The investigations on uptake corroborated with previous evidence on the lack of zonal transport of benzoate (Fig. 2), but the metabolic studies with zonal hepatocytes failed to provide the expected higher perivenous distribution of benzoate conjugation activity (Fig. 3). A lack of in vitro substantiation was also observed for the glutathione S-transferase (GST) activities toward 1-chloro-2,4-dinitrobenzene (CDNB) and ethacrynic acid, both in incubation studies and Western blotting of immunoreactive Ya and Yb2 GSTs with zonal rat hepatocytes (Tirona et al., 1999). The observations were explained by the cross-contamination of the zonal hepatocytes by cells from other regions and the lack of a steep gradient for conjugation activity despite the fact that the activities are higher in the perivenous region. Indeed, the speculation was confirmed with use of PP and PV lysates for incubation studies and Western blotting when these provided a sharper enrichment and less cross-contamination between PP and PV cells; the higher GST activity in PV cells became apparent (Tirona et al., 1999). Hence, the lack of metabolic zonation for glycine conjugation within zonal hepatocytes in the present study is not definitive of a lack of zonation in the intact organ. This is primarily due to a limitation of the method for the preparation of enriched cells.

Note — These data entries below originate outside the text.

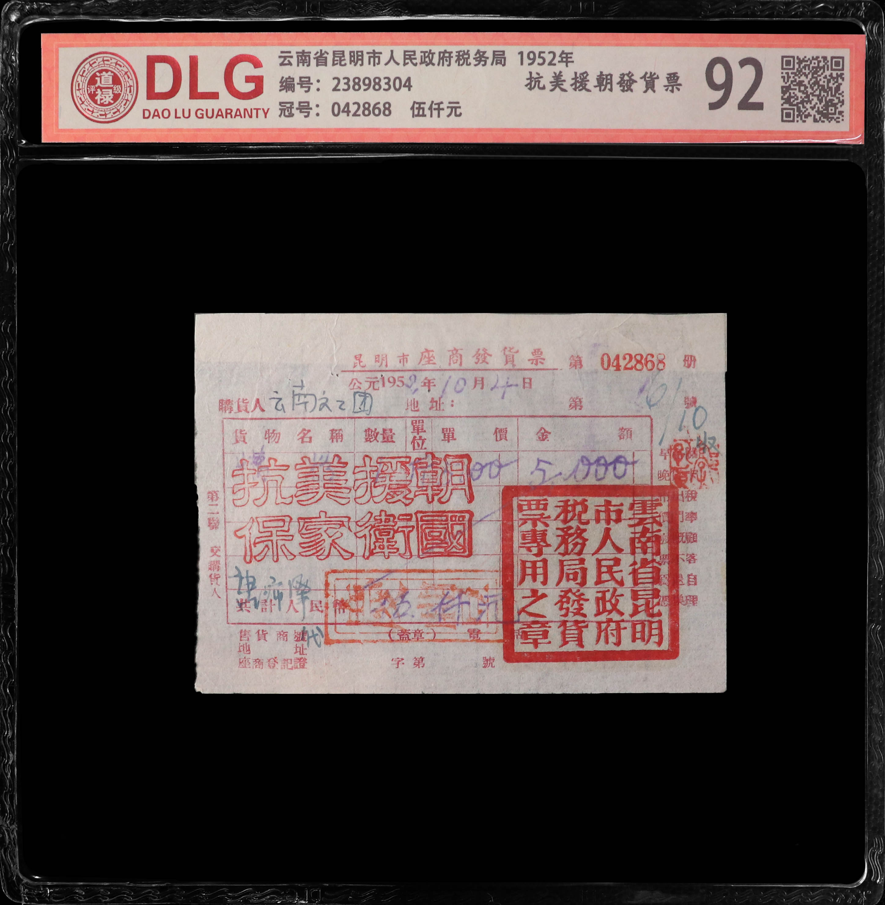 1952年抗美援朝发货票/编码8304
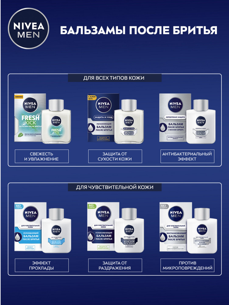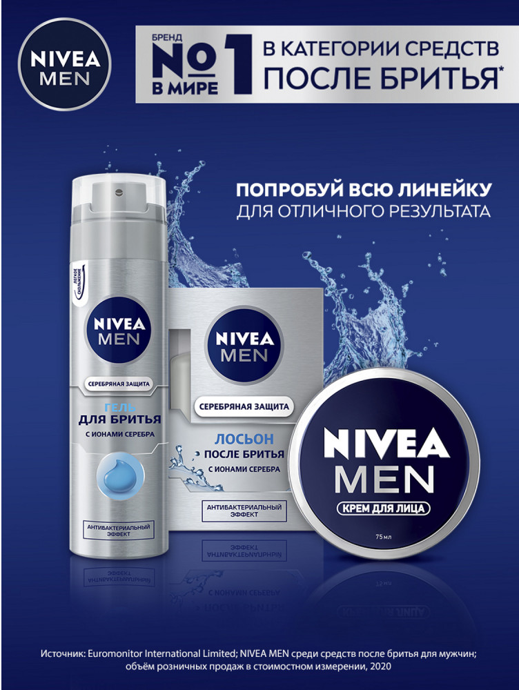 NIVEA Бальзам после бритья «Серебряная защита» с ионами серебра и антибактериальным эффектом, 100 млхорошо увлажняет В данный момент этот товар отсутствует в продаже. Возможно, у нас найдется аналогичный или похожий товар здесь. Серия: Серебряная защита Антибактериальная формула с ионами серебра эффективно борется с бактериями, вызывающими неприятный запах. Бальзам предотвращает раздражение кожи после бритья, освежает и успокаивает, быстро впитывается, не оставляя ощущения липкой пленки. Ощущение свежести надолго! |
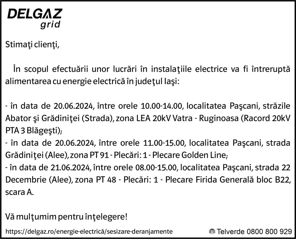 Anunț Delgaz Grid 3 iulie 2023 / 2
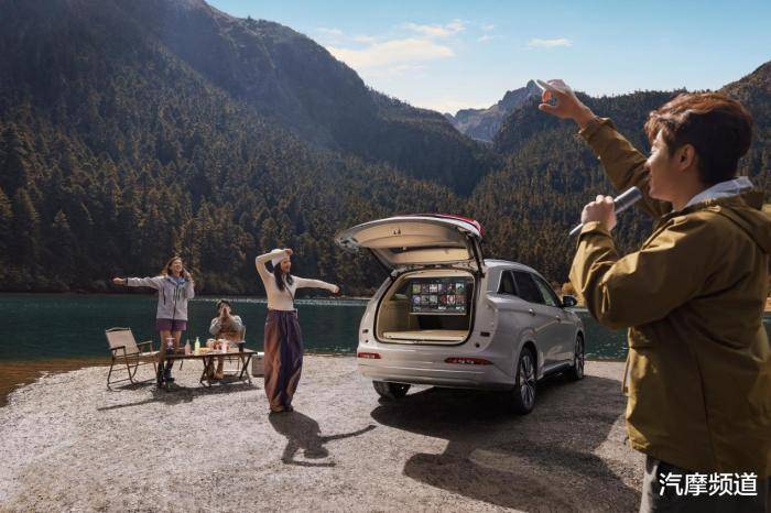 雙模影院:二排吸頂屏負責車內觀影,車頂投影儀+尾門下拉幕布組合,輕松打造“車內私人影院+車外觀影廣場”;

The tubes-in-series model, although less quantitative than the Goresky approach in incorporating flow heterogeneity, was nonetheless useful for the study of metabolic heterogeneity in the intact liver with the indicator dilution technique in progradely and retrogradely perfused livers. Although it is well known that the sinusoidal transit time is heterogeneous (Pang et al., 1994), the predictions afforded by the tubes-in-series model on the ranking of transit times should be preserved. In addition to the tubes-in-series model, another model, the tanks-in-series model (Gray and Tam, 1987; Saville et al., 1992) exists and may be another useful representation, since the impulse function resulting from an injection was similar to that for Goresky's model. However, the tanks-in-series- model is an empirical model, and the number of compartments (N) necessary to describe the data would vary according to the drug (Gray and Tam, 1987). It was found that N approached a value of 2 for red blood cells, albumin, and lidocaine (Gray and Tam, 1987; Saville et al., 1992), and a similar, tanks-in-series model with N = 2 was able to fit the data of estrone sulfate and estrone in the recirculating perfused rat liver preparation (Tan et al., 2001). In fact, our simulations based on the preliminary development of this model with two compartments (one for upstream and one for downstream) showed that characteristics exceedingly similar to the tubes-in-series model were obtained (see Fig. 7). The predictions on the changes of the AUC_M and MTT_M for the tanks-in-series model with permeability and flow direction (data not shown) were similar to that of the tubes-in-series model (Table 1). These models may be useful approaches and further developed as a zonal model (Abu-Zahra and Pang, 2000) to encompass enzyme and transport heterogeneity for the description of zonal drug metabolism.